Henry Keep was an American financier and banker. He served as a president of the New York Central Railroad, the Chicago & Northwestern Railway and Cleveland & Toledo railroad.
Background
Henry Keep was born on June 22, 1918 at Adams, New York, United States, the son of Heman Chandler and Dorothy (Kent) Keep. He was descended from John Keep, an emigrant from the Kingdom of England, who was living in Longmeadow, Massachusetts, in 1660. Heman Keep died in 1835, leaving the family in such poverty that they sought shelter in the county poor house.
Education
Keep had no schooling.
Career
When Henry was about seventeen, he was bound out to a farmer, who in taking him agreed to send him to the public school, but the farmer did not carry out the agreement and in later life Keep used to boast that he "graduated at the poor house. " Tiring of farm work and the harsh treatment which he received, he ran away from his master and eventually made his way to Honeoye Falls, near Rochester, New York. He obtained employment as a teamster on the Erie Canal. He later became a hackman in Rochester. Having managed to save some money, he invested in depreciated currency during the financial crisis of 1837. With the return of normal monetary conditions he found his small capital nearly quadrupled by the appreciation of his holdings.
His next speculation was concerned with Canadian bank notes, of which there were a considerable number in circulation on the American border. Since they were not legal tender in the United States, the holders were glad to dispose of them at a fair discount. He journeyed about buying all he could find, paying for them with state notes which were generally also at a discount, and then, as soon as he had accumulated enough to warrant the expense, went over to various towns in Canada and cashed the notes at par. This itinerant brokerage business was an innovation, and he made a good profit from it.

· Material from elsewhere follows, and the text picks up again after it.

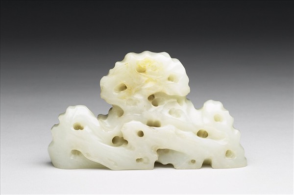 白玉,玉色泛黃,微有赭斑。全器作太湖石,略扁,其上雕有孔洞以顯太湖石的特徵。

After a time he accumulated enough capital to open an exchange and banking office at Watertown, New York. He soon established several other country banks, and about 1850 the scope of his speculative operations became so great that he moved to New York and started operating in Wall Street. He dealt extensively in the stock of the Michigan Southern & Northern Indiana Railroad Company, commonly nicknamed "Old Southern, " and served as treasurer of this company from 1861 to 1863. In 1866, in the face of considerable opposition, he was elected president of the New York Central Railroad, holding the position for six months, after which he resigned and Commodore Vanderbilt assumed control. At the time of his death he was president of the Chicago & Northwestern Railway, of which, with the aid of Rufus Hatch, he had secured financial control. At this time he also controlled the Northern Indiana and Cleveland & Toledo railroads, serving as president of the latter. He was essentially a financier, not a railroad man in the true sense of the word, and his positions as a railroad executive were assumed purely for financial reasons.
Achievements
Keep became widely known as one of the boldest and most successful operators in railroad stocks, winning the nickname "William the Silent" because one of the strong points in his character as a financier was his reticence about everything relating to his investments. He was credited with having left an estate of over four million dollars, a remarkable achievement considering that he started without a cent and that his success was due entirely to his own unaided efforts.
Connections
Keep was married Emma A. Woodruff, by whom he had one child.